We thought finding Danny would be an exhausting process, but Catherine Willis, our casting director, found Lewis really early on. We knew from the moment we watched him that he was our guy. He's an extraordinary talent and we’re lucky to have found him. Aaron is such a complex part as well, and Samuel is so naturalistic – he can give so much nuance and emotion with a single word. With Aaron, this relatively withdrawn, monosyllabic teenager, there's so much going on under the surface.
The soundtrack choices are always unexpected. What were you aiming for?
Being able to bring the warmth of the old music Danny listens to into the modern world creates a nice juxtaposition: what modern music would mean to a boy who hasn't experienced any of that onslaught of noise and chaos before. Our composer, Paul Haslinger, totally got it: because Danny’s and Aaron’s worlds are so different, we could almost mirror what's happening in their lives with music.

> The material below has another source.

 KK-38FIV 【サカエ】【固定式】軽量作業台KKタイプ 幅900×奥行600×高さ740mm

Are you you're a fan of the old ones?
Of course! I had Benny Goodman’s Where or When on repeat as I was writing.
What was the most challenging aspect of filming?
Shooting during COVID presented its own issues, but production were amazing, keeping everyone safe and making sure everyone followed protocols. This is also a show where people don't say what they're thinking – it's all feeling, nuance and subtext. Fortunately everyone understood that entirely, building upon it and finding their own layers and depth. I'll take all the credit in the world for it, but I didn't put it in there! The hope is that it's better than you imagined it, and in this case it was.

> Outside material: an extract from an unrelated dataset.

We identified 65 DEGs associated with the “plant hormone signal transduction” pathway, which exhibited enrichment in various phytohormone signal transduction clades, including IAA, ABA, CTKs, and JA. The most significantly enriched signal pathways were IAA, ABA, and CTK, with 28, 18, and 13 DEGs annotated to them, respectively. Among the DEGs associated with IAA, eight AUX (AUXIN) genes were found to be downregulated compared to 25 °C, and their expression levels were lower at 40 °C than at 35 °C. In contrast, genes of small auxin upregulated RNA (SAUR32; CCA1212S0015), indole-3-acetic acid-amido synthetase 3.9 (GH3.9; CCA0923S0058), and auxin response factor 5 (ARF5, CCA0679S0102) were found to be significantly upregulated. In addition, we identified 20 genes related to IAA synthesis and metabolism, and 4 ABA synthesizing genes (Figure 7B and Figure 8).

Was there a personal highlight?
Watching the first day of filming and realising that their interpretations of the characters are infinitely better than I'd been acting out in my head as I wrote it. Then later seeing the rushes and realising how they'd used old lenses for inside the house to create a warm, grainy kind of filmic quality compared to the harsher outside. It was thrilling.
Do you have ideas for another series?
Yeah, Danny’s journey is only beginning. There's nothing resolved, he's not been “solved”, he's still a boy at odds with the world who’s going to have to try and find his place in it. We have a lot of ideas.